Habitat & Wildlife
The Southern Appalachian hardwood forest holds more tree species per acre than any comparable forest in North America. Oak, hickory, tulip poplar, sourwood, hemlock, beech — canopy so dense and varied the ridgelines change color four times between April and October. Below the canopy, a ground layer of wildflower, fern, and native shrub that arrived when the last glacier retreated and never left.
This forest shaped everything that grew up around it — the building materials, the craft traditions, the seasonal rhythms of the communities in its hollows and along its rivers. *[image break — controlled burn or forest floor]*
Prescribed Fire
For thousands of years, Cherokee and Southeastern peoples used fire to manage these forests — opening understory, cycling nutrients into the soil, maintaining the mosaic of young growth and mature timber that supported native wildlife at every stage of its life cycle. The oak-hickory forest that defines the Southern Appalachians is a fire-adapted system. Without regular fire, the understory thickens, shade-tolerant species crowd out the oaks, and the habitat contracts.
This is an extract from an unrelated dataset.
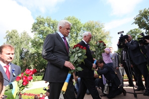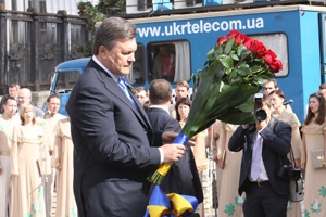О десятій годині Президент України Віктор Янукович, Голова Верховної Ради України Володимир Литвин і Прем'єр-міністр Микола Азаров поклали квіти до пам'ятників Тарасу Шевченку та Михайлу Грушевському, а потім біля пам'ятника Святому Володимиру взяли участь в урочистому зібранні «Благословенна і єдина Україна».
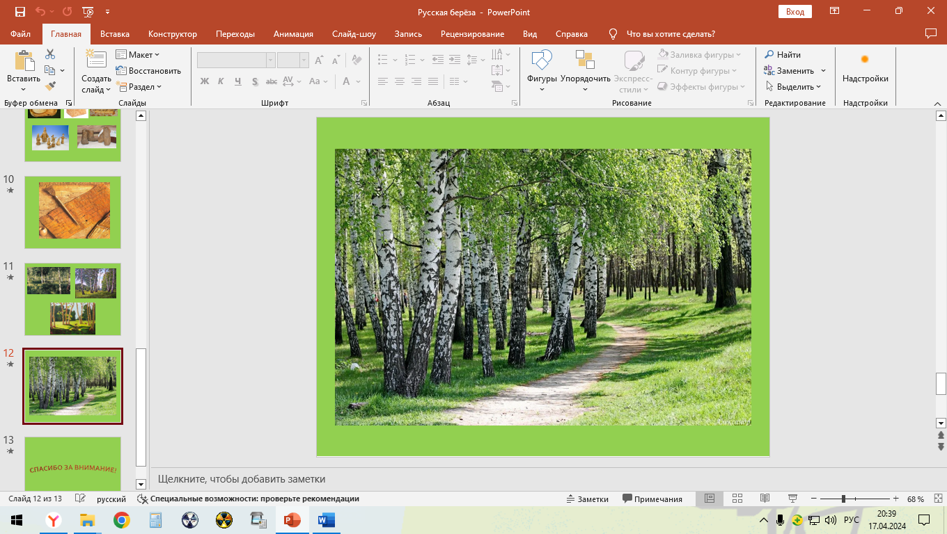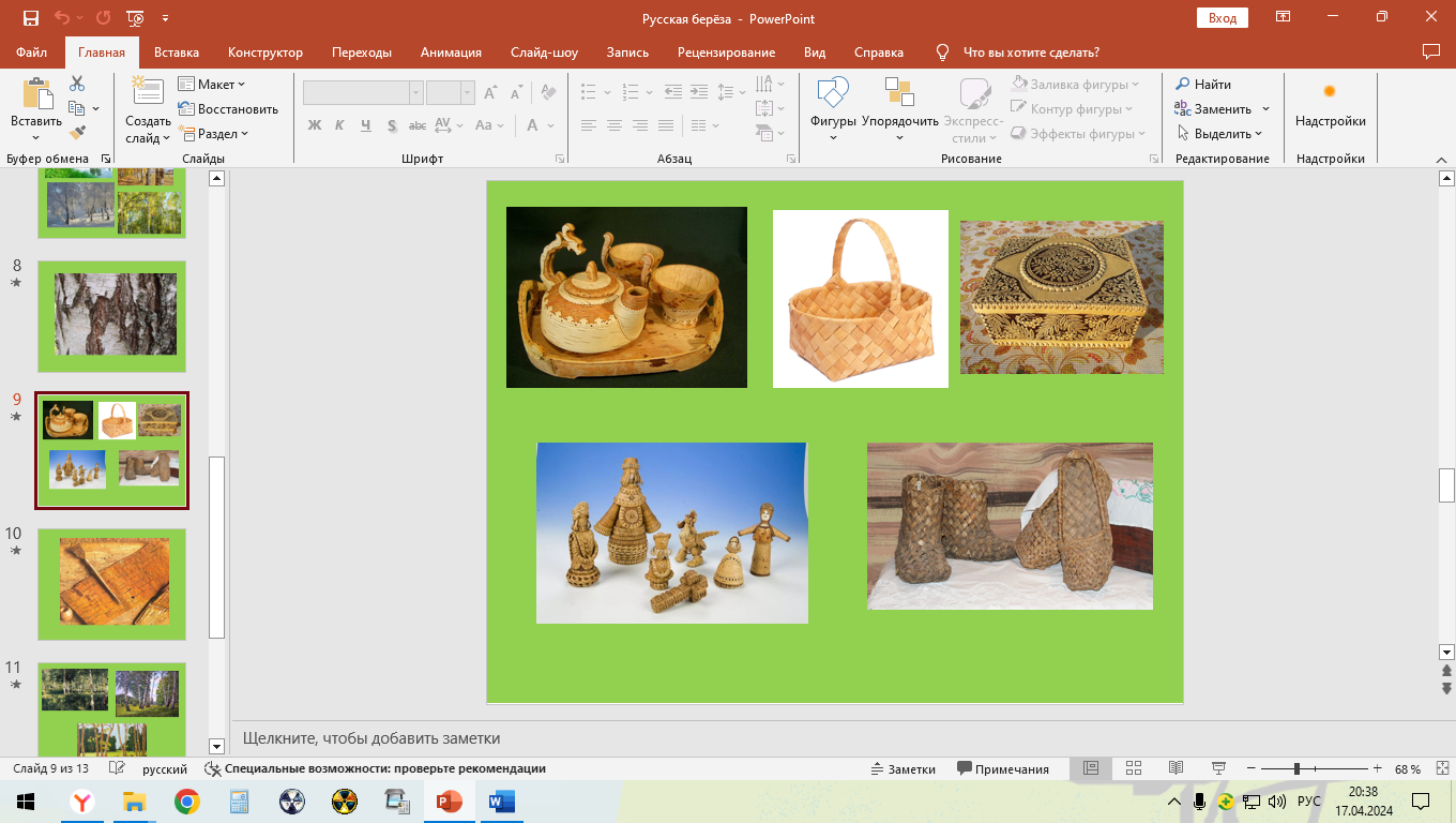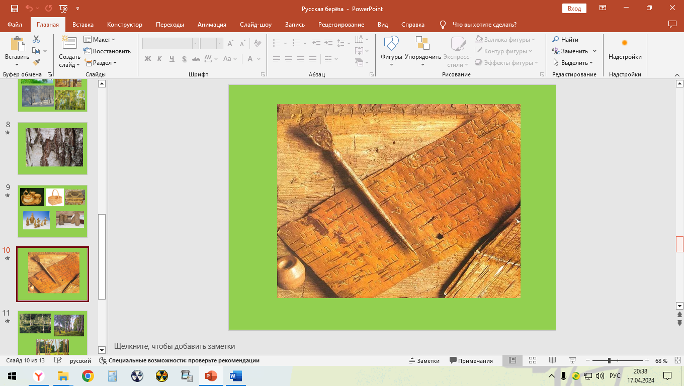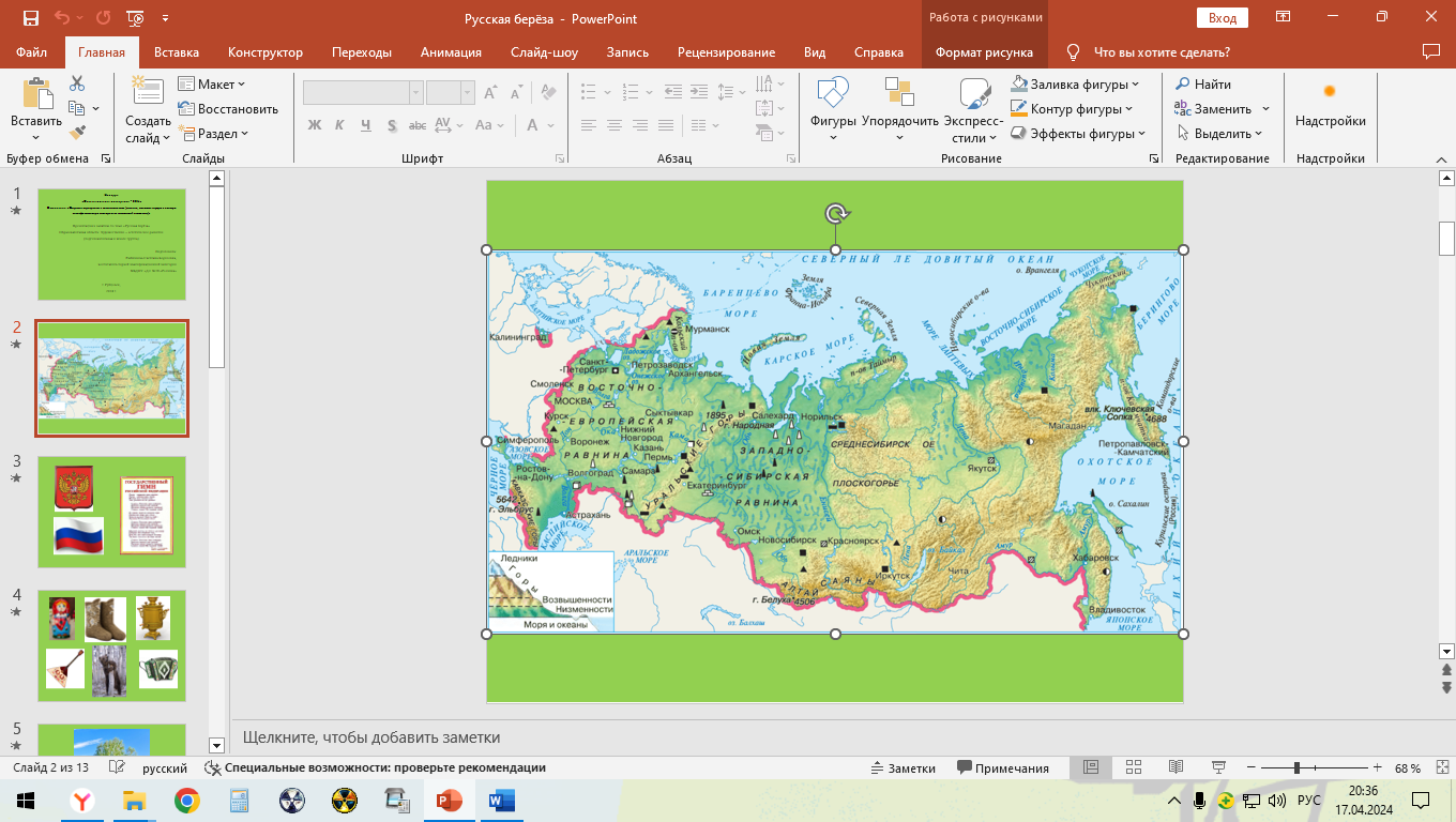 Материал и оборудование: презентация «Русская берёза», телевизор, ноутбук, тонированная бумага для рисования, гуашь белого, черного, зелёного цветов, две кисточки (№3 (белка), № 7 (белка)), баночки с водой, салфетки, фартуки.

Highcountry Trust's prescribed burning program works within this tradition. For Dane Tidwell, a citizen of the Choctaw Nation of Oklahoma and a founder of the Trust, Indigenous fire ecology is personal heritage carried into present-day land management.
*[image break — ruffed grouse or early successional habitat]*
Wildlife
Ruffed grouse in high-elevation hardwoods. Brook trout in cold-water streams. Black bear across the mast-producing oak ridges. Elk, reintroduced to the Smokies in 2001, establishing range across the plateau. The species that define these mountains are diminished but present — and in most cases, responsive to habitat restoration rather than direct intervention.
Highcountry Trust supports the organizations and researchers committed to these species with sustained institutional funding — the kind of commitment measured in decades, not grant cycles.
*[image break — cold-water stream, watershed]*
## Watershed
Every acre of forest restoration is watershed restoration. Root systems stabilize stream banks. Canopy cover regulates water temperature. Healthy riparian corridors filter runoff before it reaches the cold-water streams that brook trout and freshwater mussels depend on.
The rivers and streams of the Southern Appalachians are not separate from the forest. They are the forest's circulatory system — and their health is the most immediate, measurable indicator of whether the restoration work is taking hold.